Lawrence parking, speeding ticket totals tumble

Kevin Lam, a Kansas University freshman from Overland Park, points his mother, Yuk Mei Wong, to the parking meter that corresponds to their parking space on Monday in the 700 block of Massachusetts Street. The amount of parking tickets issued in downtown Lawrence dropped by about 14 percent in 2010.

A parking ticket rests under a wiper blade on Massachusetts Street on Monday, March 7, 2011.

If you got a speeding or parking ticket in Lawrence in 2010, consider yourself unlucky.

The number of parking tickets issued at meters in Downtown Lawrence plummeted by 14 percent in 2010 — despite the city adding an hour to the amount of time motorists must pay the meter.

And the number of speeding tickets issued in Lawrence continued to be nearly 50 percent below the totals that the city was issuing just five years ago.

The reason?

“I don’t think there has been a sudden outbreak of excellent driving behavior,” City Manager David Corliss said Monday. “I think it is more related to our ability to enforce the traffic laws.”
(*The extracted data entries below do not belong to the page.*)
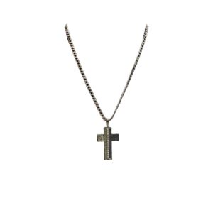 M&F Western Products Silver Strike Men’s Necklace 24In Gunmetal Silver Cross
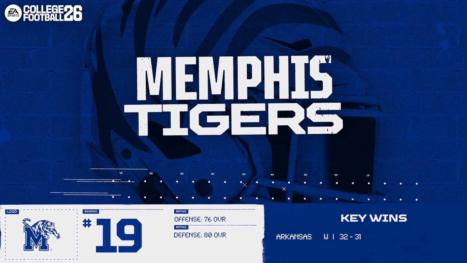 - The Memphis Tigers make their debut at #19 after dominating in wins against their first 6 games. They have some tough matchups rest of season as their schedule is primarily conference play. A matchup against USF on October 25th will be one to watch in the coming weeks.
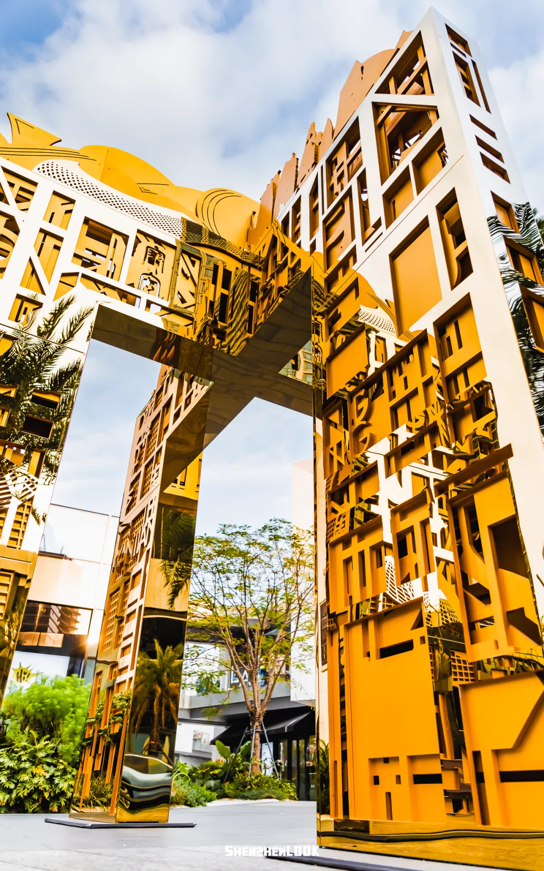 蛇口的十字路口边,伫立着一件金光灿灿的装置。两面墙交错,中间构造了一扇立体的门,墙上更是通过金属纹样刻画了深圳的城市地标、湾区的城市轮廓。
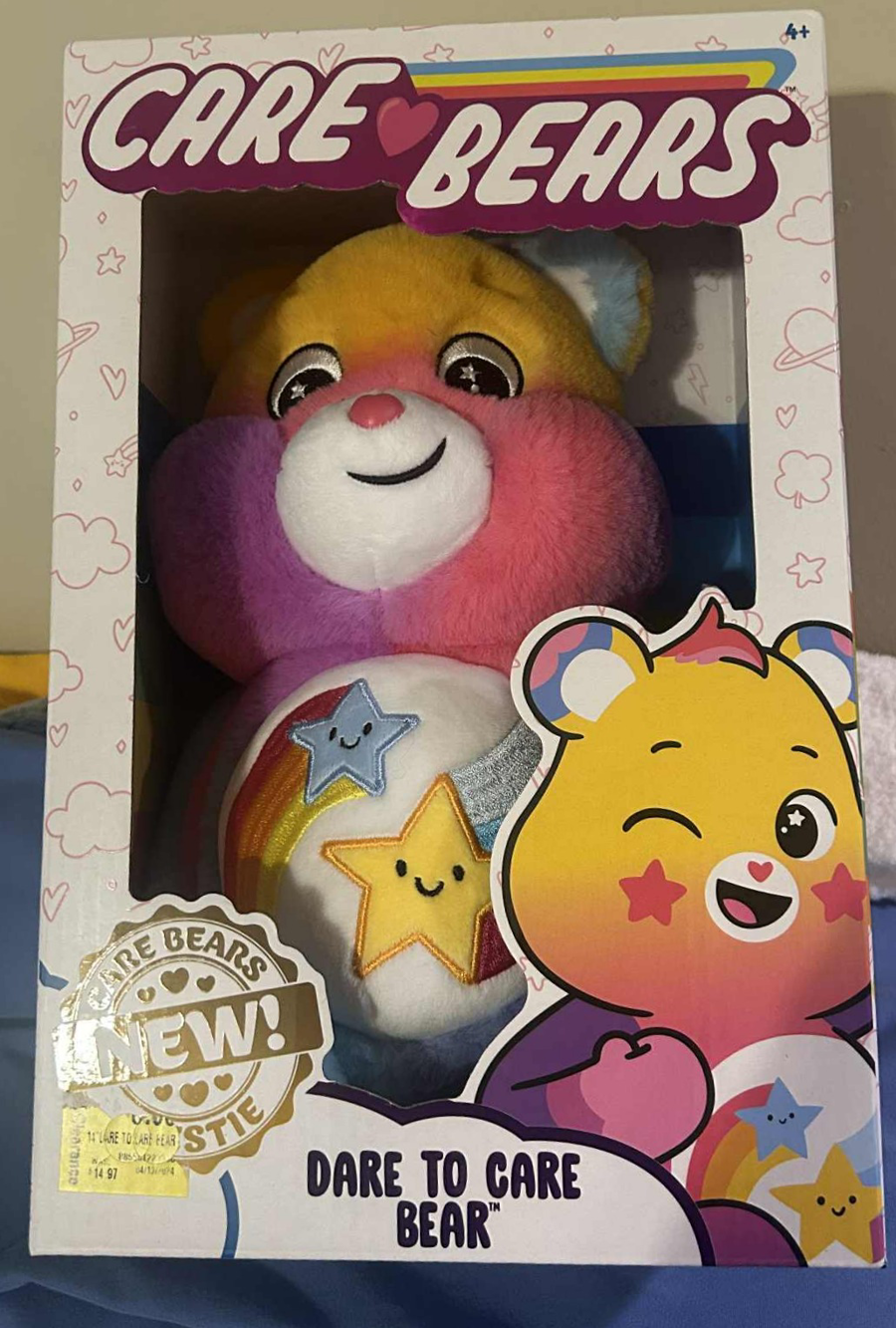 For generations, Care Bears have helped kids express and share their feelings with others. Kids will love Dare to Care Bear and her message of kindness and acceptance! This Dare to Care Bear plush is 14 inches in size - perfect for on-the-go or at-home play. Dare to Care Bear's belly badge featuring two happy, shooting stars reminds us that while we may be different in some ways, we’re also the same in other ways. Kids will love Dare to Care Bear's bright, multicolored fur featuring a mix of blue, orange, purple, and pink colors. The Care Bears Dare to Care Bear plush is made with super-soft material that is fun to hug and snuggle.

The city’s police department was down about eight officer positions in 2010 because of retirements and staff turnover, Corliss said. That means the department’s resources have been stretched thinner, allowing less time to be devoted to monitoring for speeding violations.
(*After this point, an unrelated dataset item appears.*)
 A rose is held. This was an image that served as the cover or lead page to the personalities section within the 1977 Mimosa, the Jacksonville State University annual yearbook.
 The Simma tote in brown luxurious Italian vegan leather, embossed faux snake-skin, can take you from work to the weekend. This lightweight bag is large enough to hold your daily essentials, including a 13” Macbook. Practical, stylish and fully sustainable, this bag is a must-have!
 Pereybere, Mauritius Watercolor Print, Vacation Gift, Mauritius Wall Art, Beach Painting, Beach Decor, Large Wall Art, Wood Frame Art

The city issued 5,312 speeding tickets in 2010, up slightly from 5,237 in 2009. But the ticket totals are well below the 8,071 speeding tickets issued in 2006. Until this year’s slight increase, the number of speeding tickets issued had declined for three straight years. Corliss said the number of tickets probably will go up some as the department gets closer to full-staffing levels. Currently, the department is only two officers down.
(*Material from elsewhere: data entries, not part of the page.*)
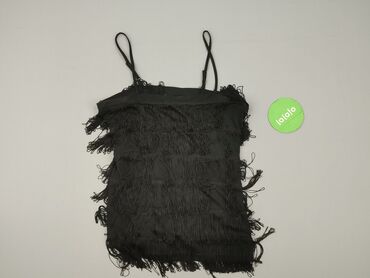 Czarny top damski na ramiączkach łańcuszkowych - Fason: luźny, prosty krój z dekoltem w kształcie litery V z przodu; tył gładki - Ramiączka: dekoracyjne, złote łańcuszki - Materiał: 100% poliester...
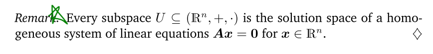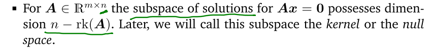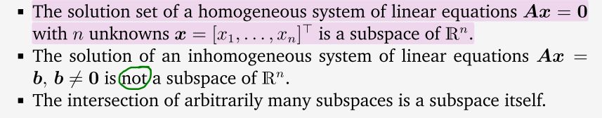 homogeneous equation systems Ax = 0对应的是vector subspace。
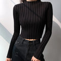 Made from ribbed polyester knit, it hugs the body with softness and comfort. The high neckline and long sleeves create a balanced silhouette, while the cropped length adds a modern edge — perfect for pairing with high-waisted bottoms.

The parking ticket numbers also are related to a staffing issue. Corliss said the city’s staff of five parking control officers was down the equivalent of one position for much of the year because of several prolonged absences or resignations on the staff. Because the size of the staff is small, the loss of one position for a major part of the year reduced the number of tickets the staff was able to write, he said.

Plus, Corliss said he wasn’t ruling out that some changes to the city’s fine system had caused people to be more cognizant of plugging the meter. The City Commission in late 2009 increased the fine for overtime parking from $2 to $3 and increased the late payment fee for parking tickets from $10 to $15.

But the city also added one hour to the time period people must pay the meters — stretching it to 6 p.m. Monday through Saturday. That change likely would have produced a few more tickets.

One number that didn’t go down, according to the new data, is the amount of money the city collected in Municipal Court fines and fees. Total collections at Municipal Court increased by 14 percent to $4.06 million.

Those numbers rose because city commissioners in late 2009 approved $12 per ticket increases for speeding and many traffic violations.

Other numbers from Municipal Court’s 2010 annual report include:

• In terms of nontraffic or parking offenses, theft continued to be the No. 1 offense prosecuted at Municipal Court. There were 444 theft cases, down from 454 in 2009.

• Minor in possession of alcohol cases spiked upward in 2010. The court prosecuted 392 minor in possession cases, up 46 percent from 2009 totals. But the numbers are still below 2006, 2007 and 2008 totals when more than 400 minor in possession citations were issued each year.

• Noise violations continued their steady downward trend. Tickets in that category have declined each of the last five years from 449 in 2006 to 189 in 2010.